Kto usunął temat o dzieciakach z gimnazjum????

Tematy trochę mniej związane z motoryzacją, jednak to forum nie służy do nabijania postów. Proszę zapoznać się z regulaminem na forum ogólnym.

Moderator: SebaSTI

Kto usunął temat o dzieciakach z gimnazjum????

Postprzez +RAFAŁ+ » wtorek, 13 gru 2005, 23:31

Ja tu sobie piszę posta, daję wyślij a tu już topicu nie ma :(
Myślę, że to był dobry teamt do dyskusji(wasze m.in opinie przydałby mi się na uczelni). Proponuję przywrócić temat.
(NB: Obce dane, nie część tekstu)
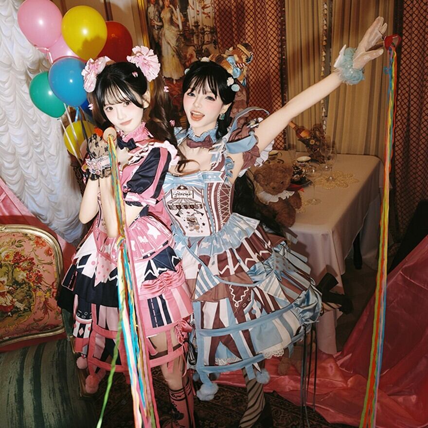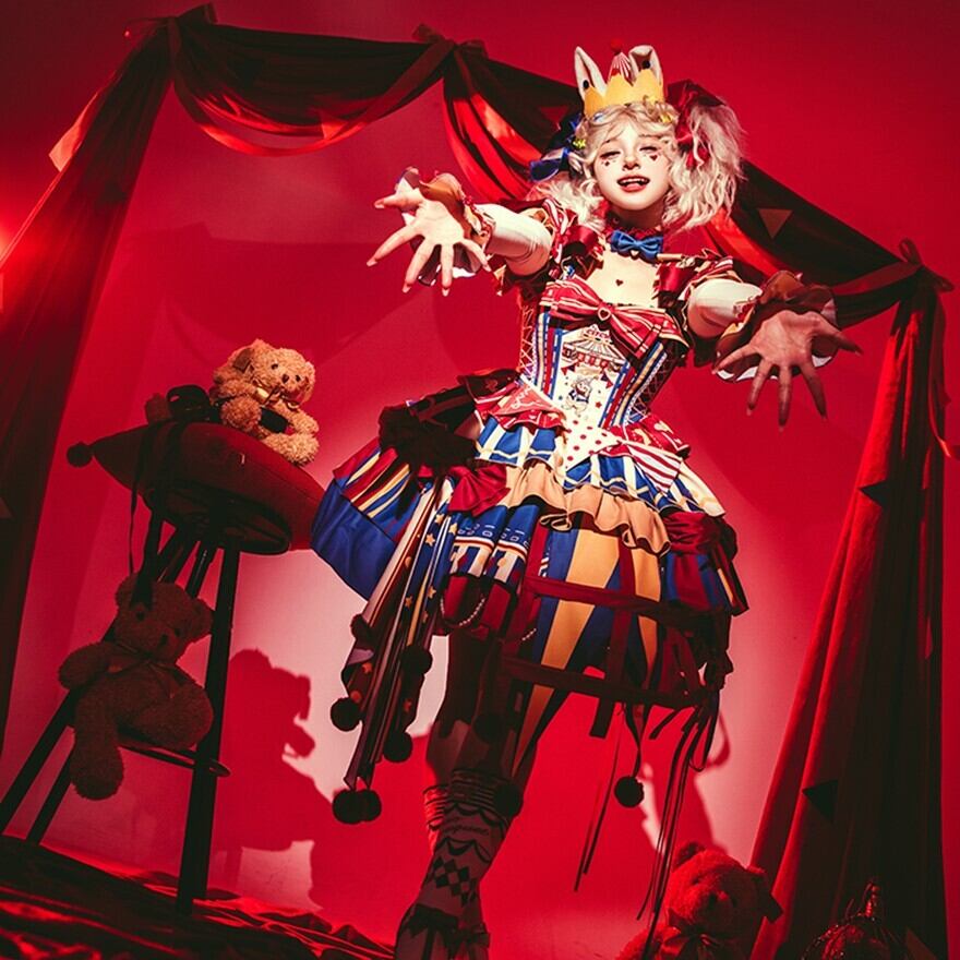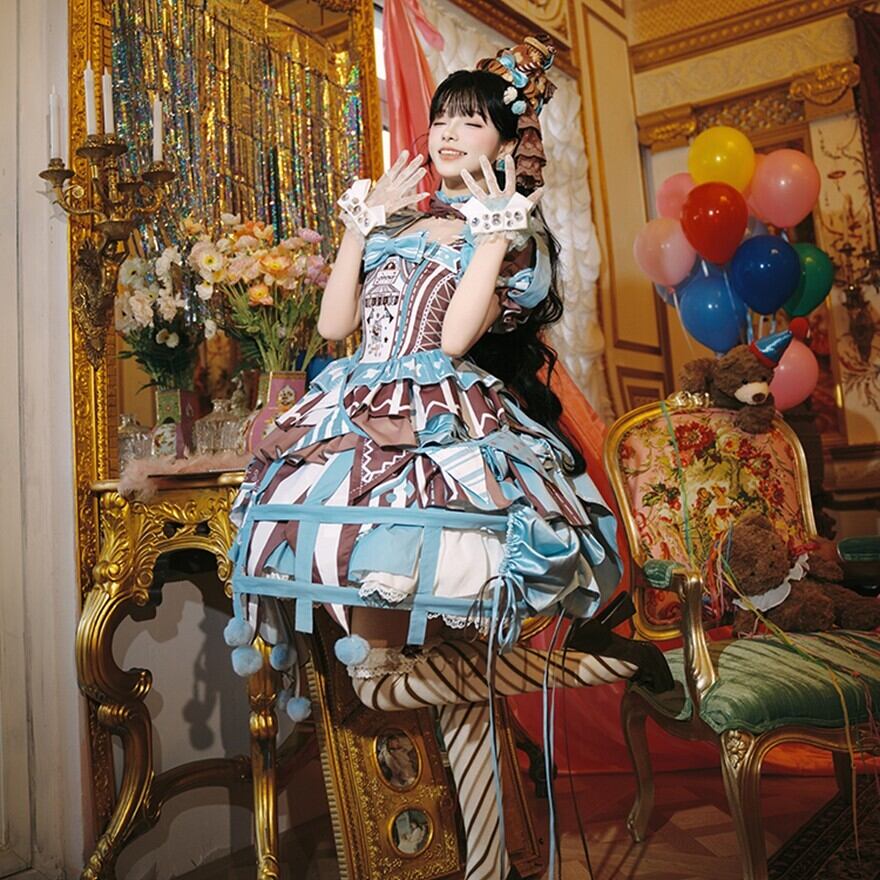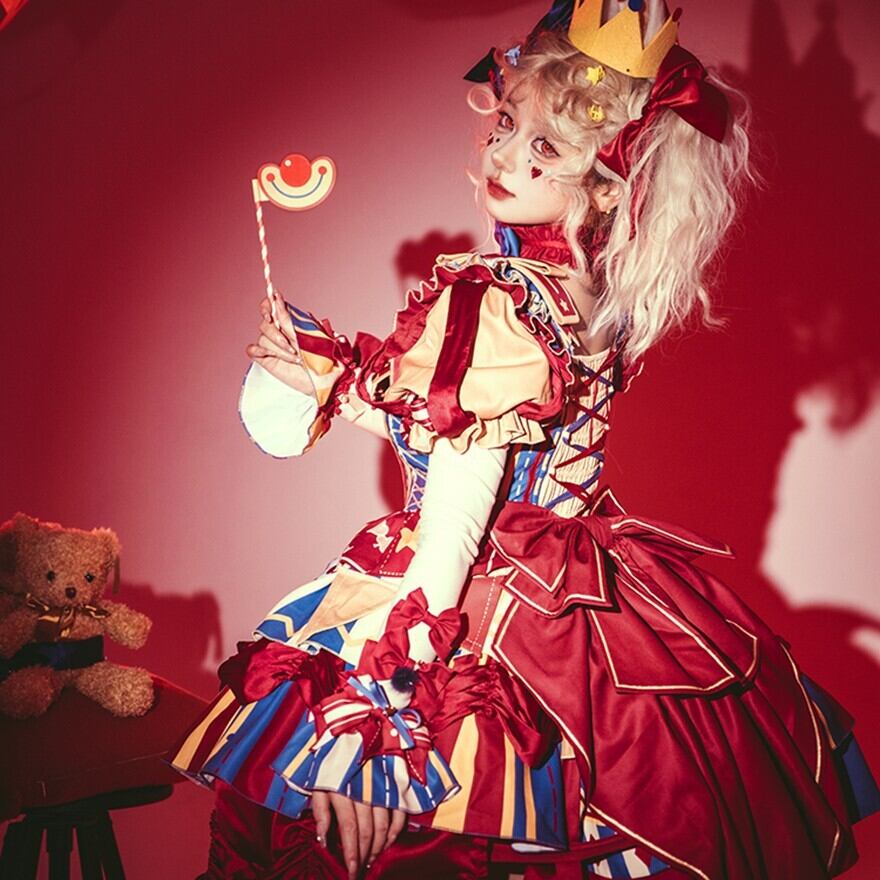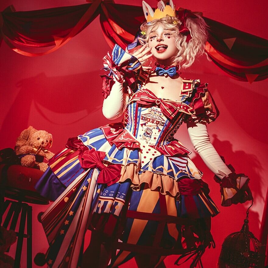 ふわっと広がるスカートには、大きなリボンやフリル、ポンポンがあしらわれ、まるでサーカスのテントやピエロの衣装のよう。コルセット風のデザインやアシンメトリーなスカート丈も特徴的で、どこから見ても華やかで楽しい気分になれる一着です。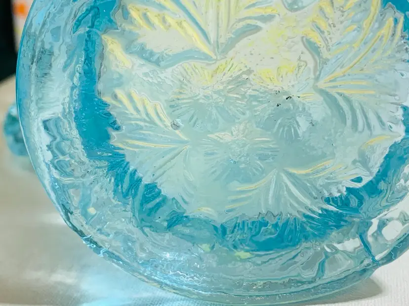 Darling vase in a beautiful light aqua blue. Quite stunning. Approximately 5.5” tall with 3.5” diameter who handle super cute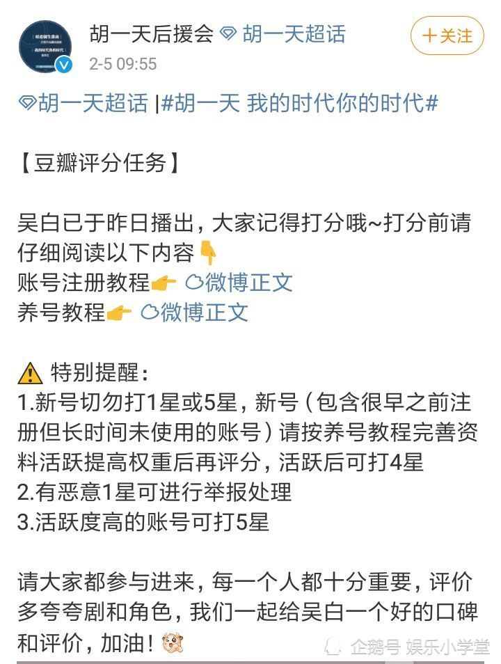 当然了,《我的时代,你的时代》这部剧获得了6.9分,这个成绩还是很不错的。但有网友发现,男主胡一天的粉丝后援会竟在微博上公然发声,让所有粉丝都去豆瓣参与评分,还附有详细的豆瓣账号注册教程以及养号教程。不得不说,粉丝这样的行为也是很败好感了。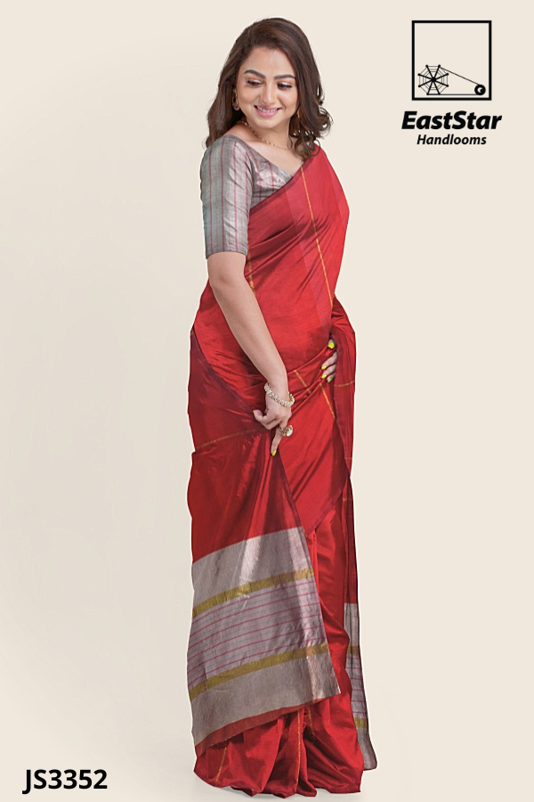 Introducing EastStar Handlooms EMC2054, a deep maroon handloom saree glowing with subtle sheen fabric and effortless grace. This plum leaf-motif sari features bold vertical foliage in grey and black and a straight, elegant pallu for modern drape. Perfect for celebrations or polished days, this maroon sari with pallu comes with a matching blouse and showcases artisanal leaf-motif design. Buy maroon handloom saree leaf-motif from EastStar Handlooms, buy plum handloom sari online, and order maroon leaf motif saree EMC2054 today to make this timeless piece yours.

Artykuł był o 14 latkach uprawiających seks oralny za 5 zł w toalecie. Może go ktoś znaleźć na WP bo ja mam problemy :?

A to post którego nie udało mi się już wysłać:
Ja chodząc do liceum miałem koło swojej szkoły gimnazjum(podobno bardzo dobre, z wielkimi tradycjami itp). A tam? Dziewczyny:rewia mody, tony tapety na twarzy, pokusiłbym się nawet o nazwanie ich przez wygląd i zachowanie "kórewkami". Goście: papierosy, trawa, alkohol. Sam nie byłem wtedy starszy, ale wśród ludzi z L.O. towarzystwo tak nie wyglądało. Wiadomo, robiło się głupie rzeczy, ale były jakieś hamulce. Ostatnio wracam do domu przez park a tam siedzi sobie na ławeczce taka gimnazjalna parka, jej reka na jego kroczu, a jego reka na jej kroczu. Obrzydliwość. Nie zdziwiłbym się gdyby i takie rzeczy jak w ww artykule się działy i w tej szkole.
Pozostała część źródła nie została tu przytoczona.